Bahadur observed that many Manipuris in Myanmar have now lost their cultural identity and adopted Burmese traditions. He said most cannot speak their original language. Some still observe Lai Haraoba, although in a Burmanised way. He also visited Manipuri Muslim families in Mandalay, who had fully adopted Burmese culture.

His lecture included photographs and videos to support his findings.

== Published works ==
=== Books ===
Mutua Bahadur wrote many books, including 20 books of illustration works.
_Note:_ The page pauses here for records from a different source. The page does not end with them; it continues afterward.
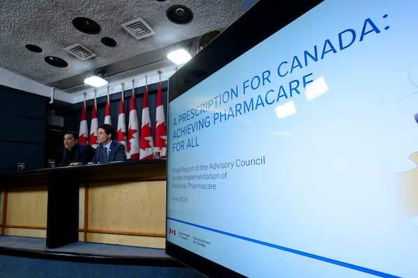 Dr. Eric Hoskins, chair of the Advisory Council on the Implementation of National Pharmacare, is accompanied by Vincent Dumez, member of the Advisory Council on the Implementation of National Pharmacare, during a press conference at the National Press Theatre in Ottawa on June 12, 2019.Sean Kilpatrick/The Canadian Press
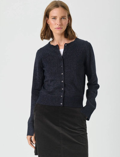 Dezenter Schimmer verleiht dieser klassischen Strickjacke eine besondere Note und macht sie zu einem vielseitigen Kleidungsstück für Lagenlooks. Das Design mit Knopfleiste und langen Ärmeln sorgt für einen zeitlosen Look.
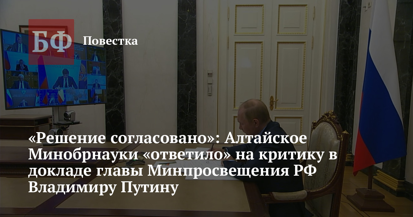 Владимир Путин в ответ попросил министра выяснить, по чьей вине это произошло. «Надо обязательно выявить, кто в этом виноват, и посмотреть на подрядчиков, которые в нужные сроки не выполнили необходимый объем работ, и соответствующим образом отреагировать. Зачем с ними в дальнейшем заключать контракты на подобные работы?» — приводятся слова президента на сайте Кремля. В комментарии Минобрнауки Алтайского края об ответственных за ситуацию и принятых к ним мерах ничего не говорится. Возможно, на эти вопросы будут отвечать уже правоохранительные органы.
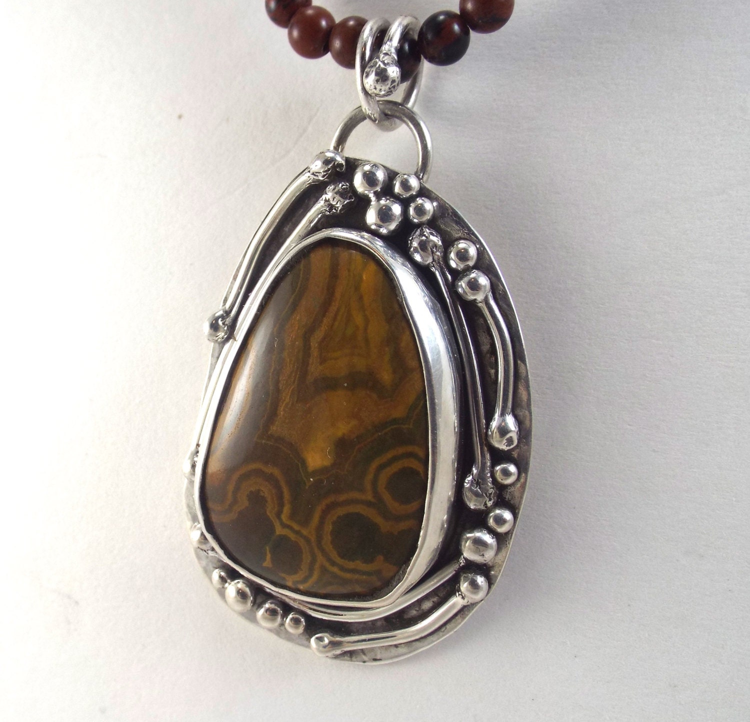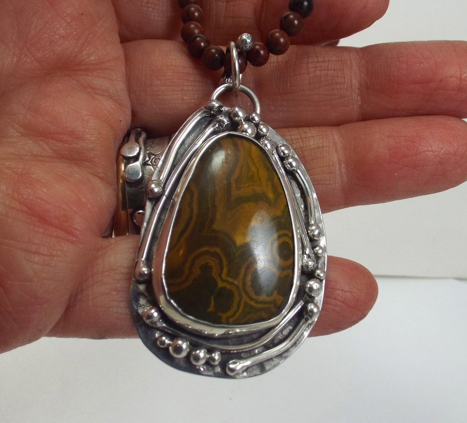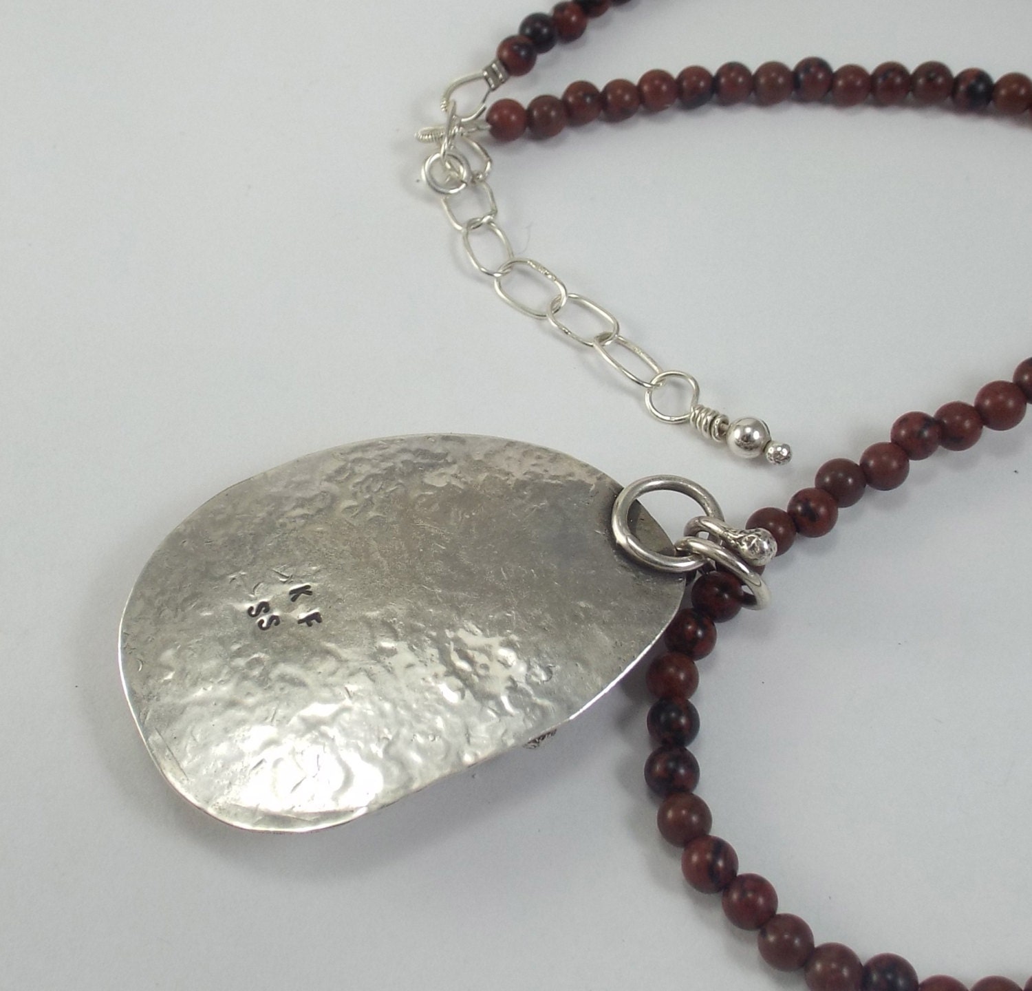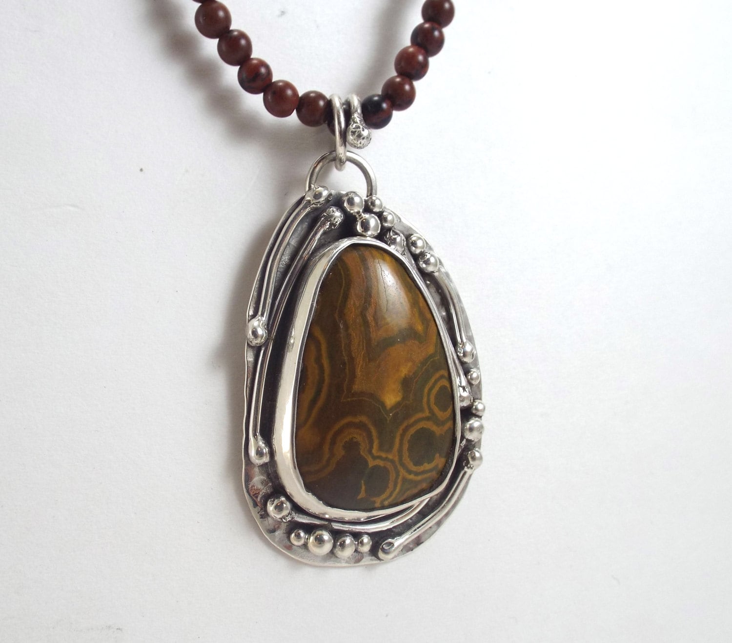 This beautiful Ocean Jasper cabochon is set in a large sterling setting, embellished with curving wires and a jumble of sparkling silver balls. It hangs from a coordinating Obsidian Jasper gemstone necklace.
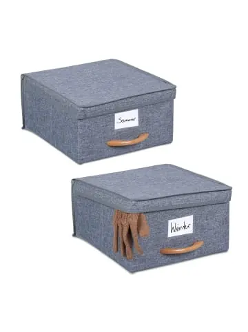 Diese Verstauboxen im 2er Set bringen Ordnung in Deinen Kleiderschrank. Egal ob Mützen, T-Shirts oder Socken, in den praktischen Stoffboxen findet alles seinen Platz und wird dank des Deckels vor Staub geschützt. Anschließend können die Aufbewahrungsboxen beschriftet und in den Schrank gestellt werden – der handliche Holzgriff an der Vorderseite erleichtert Dir das Herausziehen. Die Ordnungsboxen eignen sich zudem optimal zum Verstauen von anderen Utensilien in Schlaf-, Wohn-, oder Badezimmer.Aufbewahrungsbox im Detail – Außenmaße H x B x T: ca. 16 x 30 x 32,5 cm – Innenmaße H x B x T: ca. 15 x 28,5 x 29 cm – Volumen: je ca. 12 Liter – Traglast: bis 2,4 kg pro Box – Gewicht: je ca. 500 g – Material: Polyester, Kunststoff, Pappe, Buchenholz – Farbe: Grau, NaturRegalbox mit Deckel – Organisation für Kleiderschrank – Ideal für Saisonkleidung – Ordnungshelfer fürs Schlaf-, Wohn-, Bade- und Kinderzimmer – Perfekt für Kleinteile, Handtücher, Spielzeug, Kleidung etc. – Holzgriff erleichtert Herausziehen aus Regal und Kleiderschrank – Ordnungsbox bei Nichtgebrauch einfach zusammenfalten – Schlichte Boxen passen in jedes Raumkonzept – Im 2er Set – Deckel verbirgt Inhalte und schützt vor Staub – Mit Schild beschriftenLieferumfang – 2x Aufbewahrungsbox – Dekoartikel sind nicht im Lieferumfang enthalten
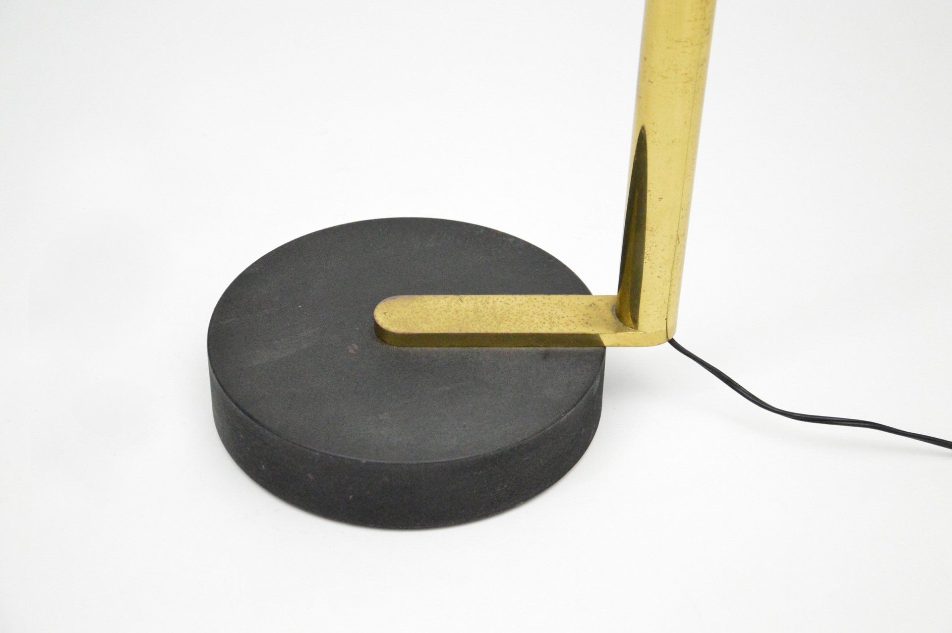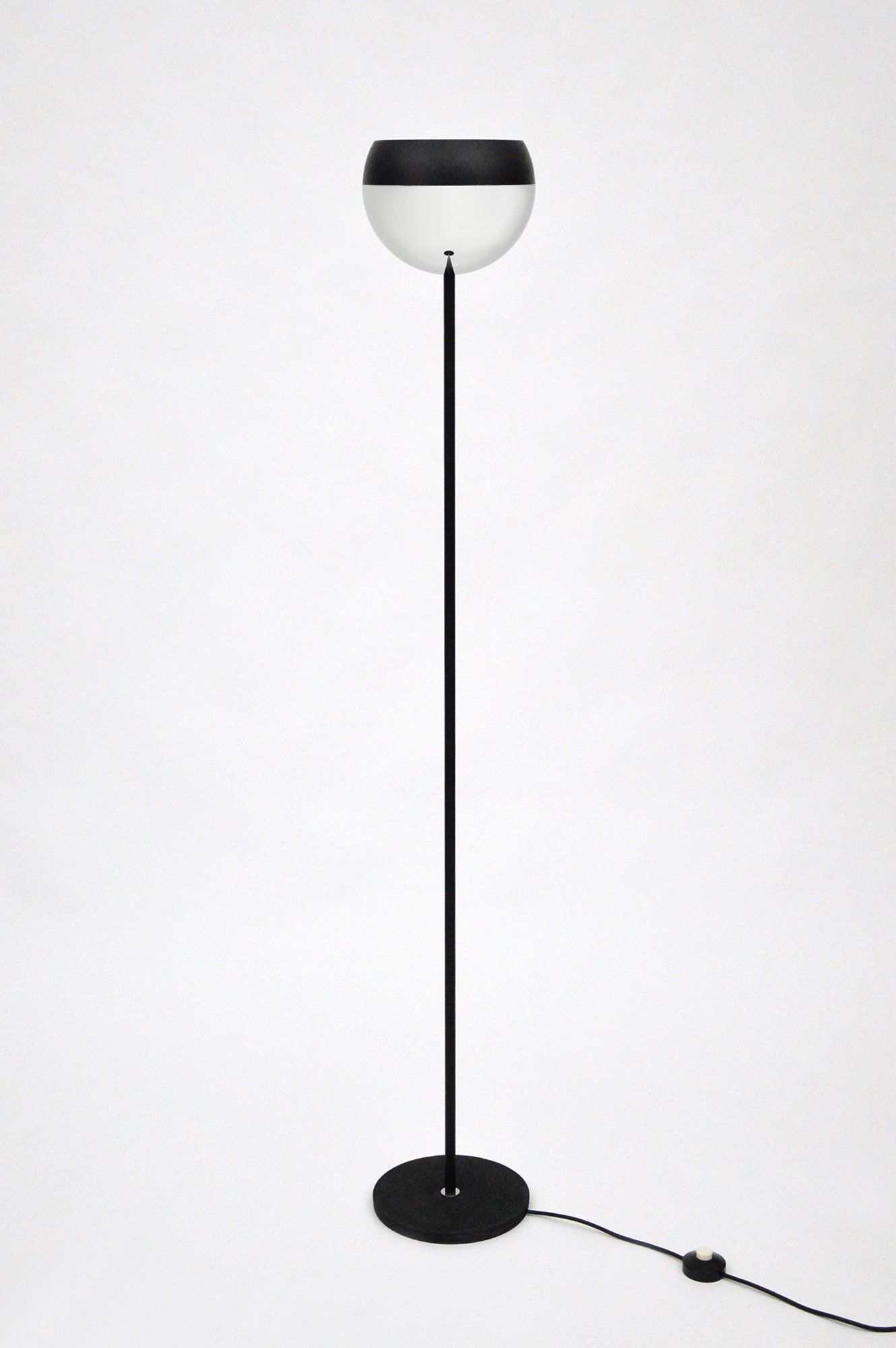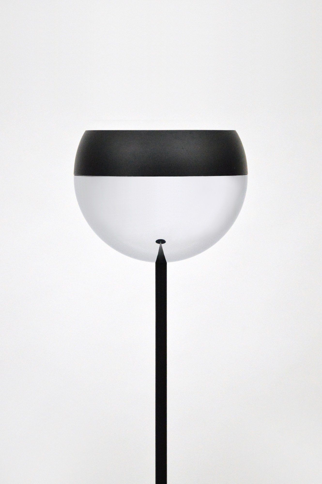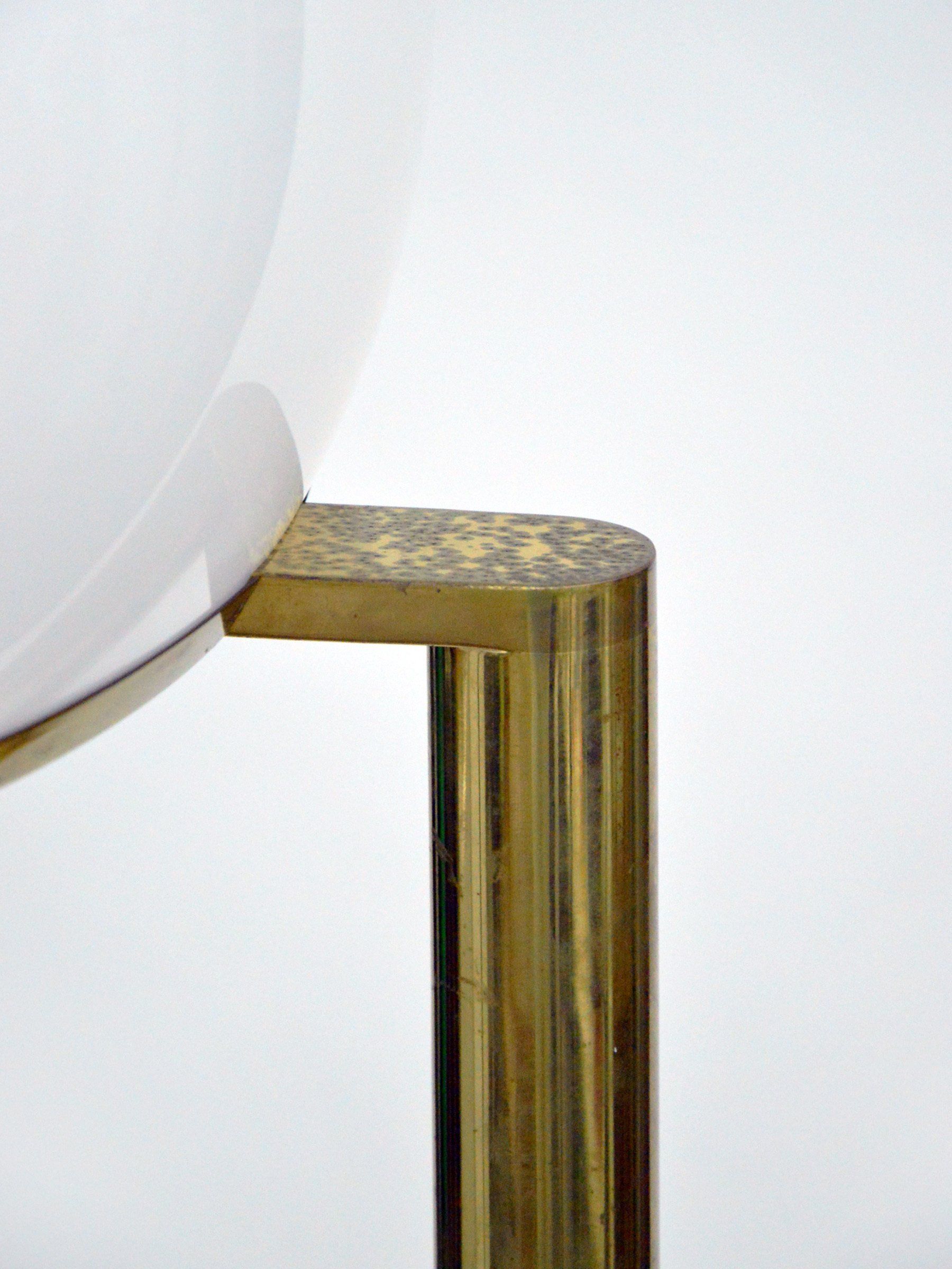 The floor lamp consists of a moulded opal perspex diffuser, a brass stem and a black cast iron base; it can be used both as a reading lamp and, thanks to the opal diffuser, as an ambient light. The lamp was designed by the Gregotti-Meneghetti-Stoppino Studio in 1966, the designers worked together from 1953 to 1969.
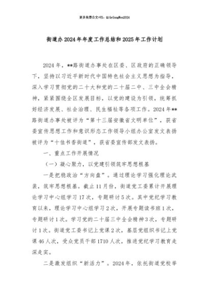 / 【七哥公文】2024年:街道办2024年年度工作总结和2025年工作计划+更多免费公文+VX:QiGeGongWen2024
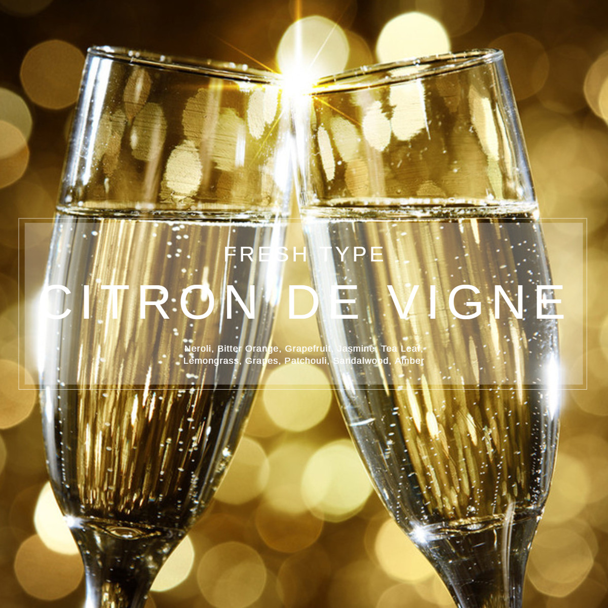시트러스의 강렬함. 톡 쏘는 듯한 스파클링 와인. 부드럽게 슬며시 앉은 화이트 머스크.
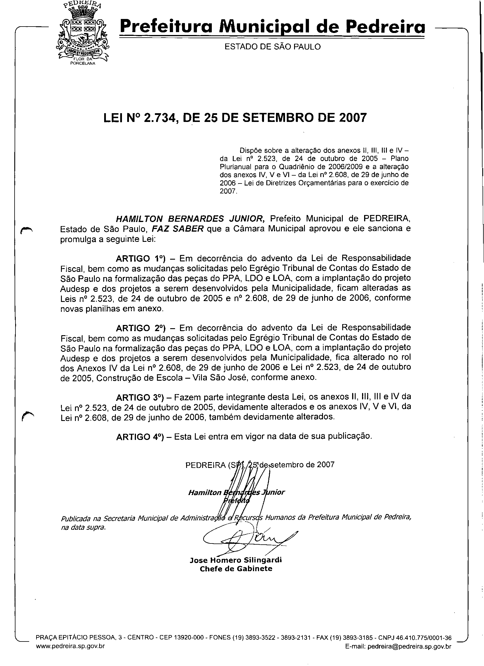 Lei Municipal - N° 2734 de 25/09/2007
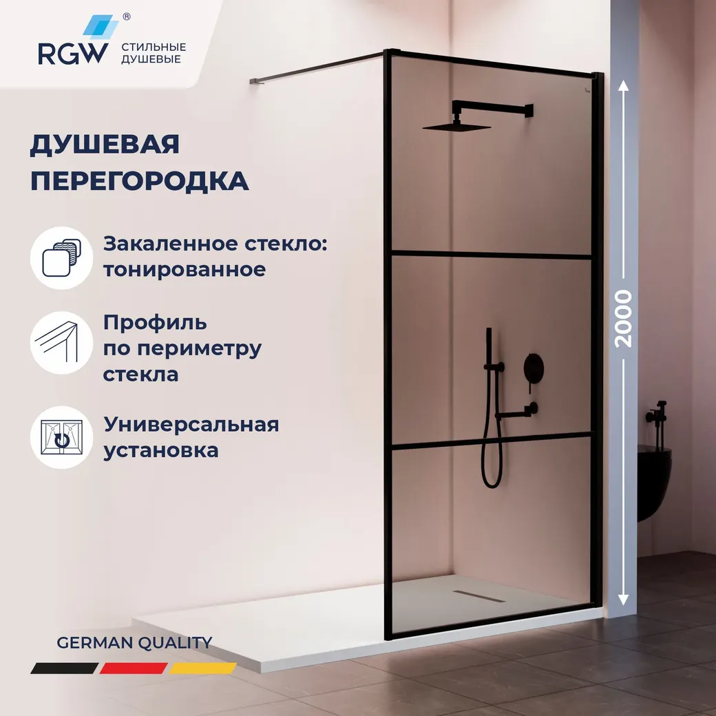 Душевая перегородка RGW WA-09B 900, профиль черный, стекло тонированное, арт-06100909-34 — фото 1, Душевые перегородки
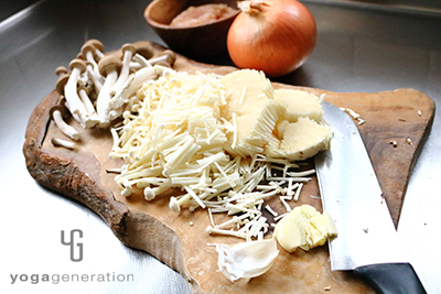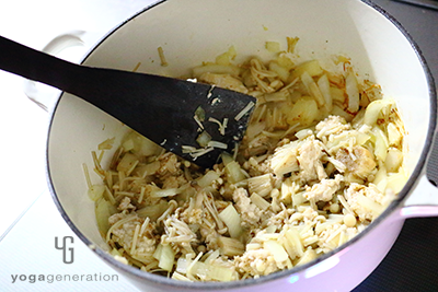 厚手の鍋にエキストラヴァージンオリーブオイルと潰したニンニクを入れて弱火で熱し、ニンニクの香りを油に移す。ニンニクが色づく前に取り出し、ざく切りしたエノキダケと粗みじん切りの玉ねぎ、材料2を加えて中火にし炒める。 -
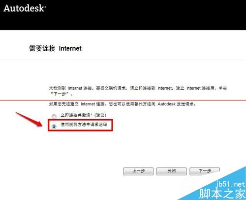 3、選擇使用脫機方法申請激活碼,點擊下一步。
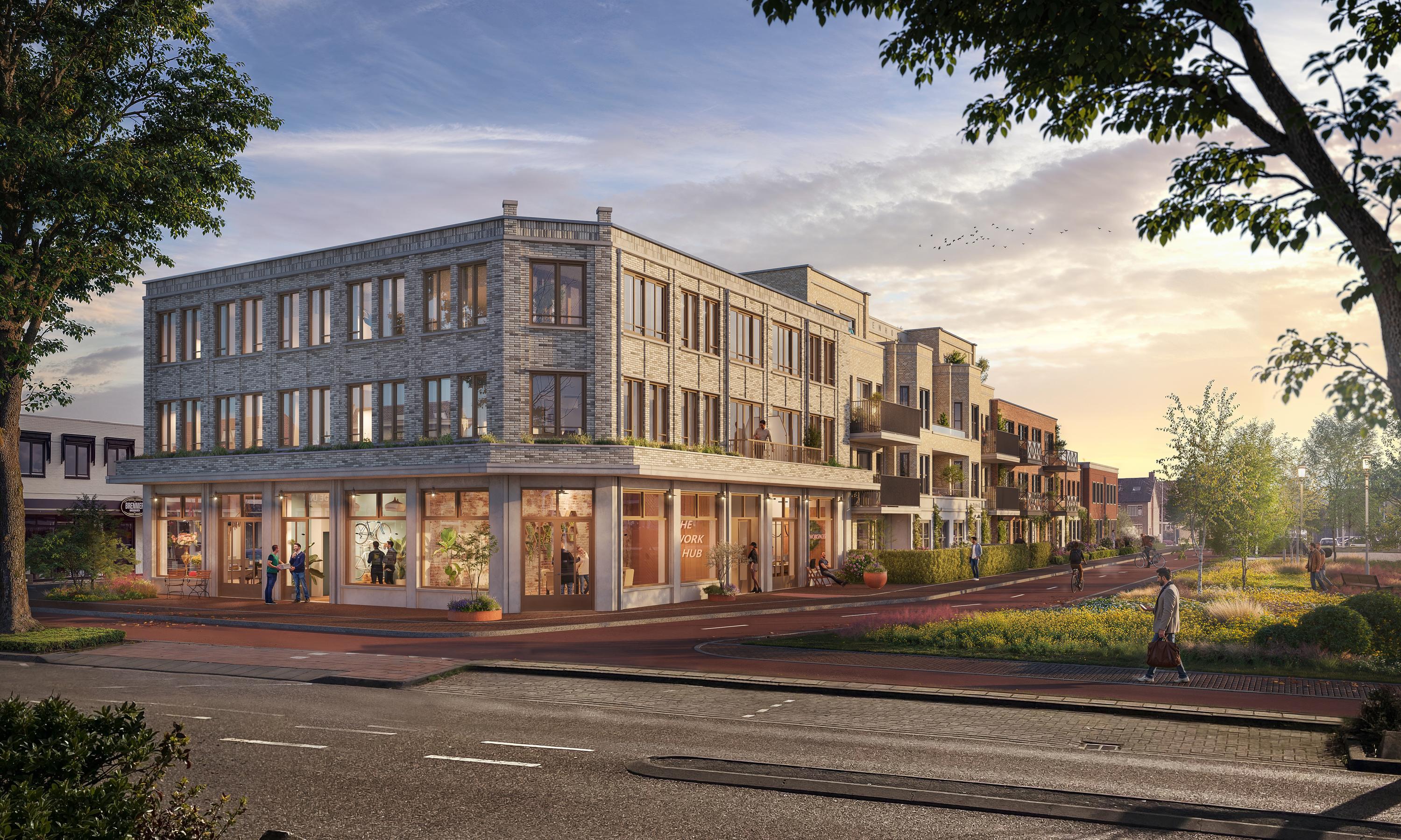 Geïnspireerd door de vooroorlogse stadshoeken en de kenmerkende afgeschuinde hoeken van Waddinxveen, verbindt Beukenhof de Oostelijke Kerkweg met een uitnodigende commerciële ruimte.

Some of the titles of the books include:

1. Manipuri Arts ki Wari (1972)
2. Traditional Textiles of Manipur (1987)
3. The Khamba-Thoibi of Moirang in Manipuri paintings: Bhadra collection (1988)
4. Jewelleries of Manipur (1988)
5. Tribal Art of Manipur (1989)
6. Cane & Bamboo Crafts of Manipur (1994)
7. Traditional Textiles of Manipur (1997)
8. Tribal Hand-woven fabrics of Manipur (2000)
9. Traditional Paintings of Manipur (2003)
10. Illustrated Manuscripts of Manipur (2005)
11. Art of Textile: Manipuri textiles from Bangladesh & Myanmar (2009)
12. Manipuri Costumes Through Ages (India, Bangladesh and Myanmar) (2011)
13. Manipuri Costumes through Ages (2011)
14. Awa: Kate and Paona (2014)
15. Kathe: Myanmarese Meetei (2017)
16. Manipuri Art Language of Symbols (2021), etc.

In a span of five years, he published a five-volume treatise book series, Tales About the Art and Culture of Manipur.

=== Articles ===
Mutua Bahadur wrote articles on different topics, based on his research in Manipur, Myanmar and Bangladesh, including:

1. Illustrated Manuscripts of Manipur
2. Cultural Heritage Complex at Andro Village
3. Manipur Textiles from Bangladesh
4. Manipur in Myanmar
5. Cane and Bamboo Crafts of Manipur
6. Tribal Hand Woven Fabrics of Manipur
7. Manipuri Diaspora in Myanmar: Past and Present
8. Symbolism in the Tribal Art of Manipur, etc.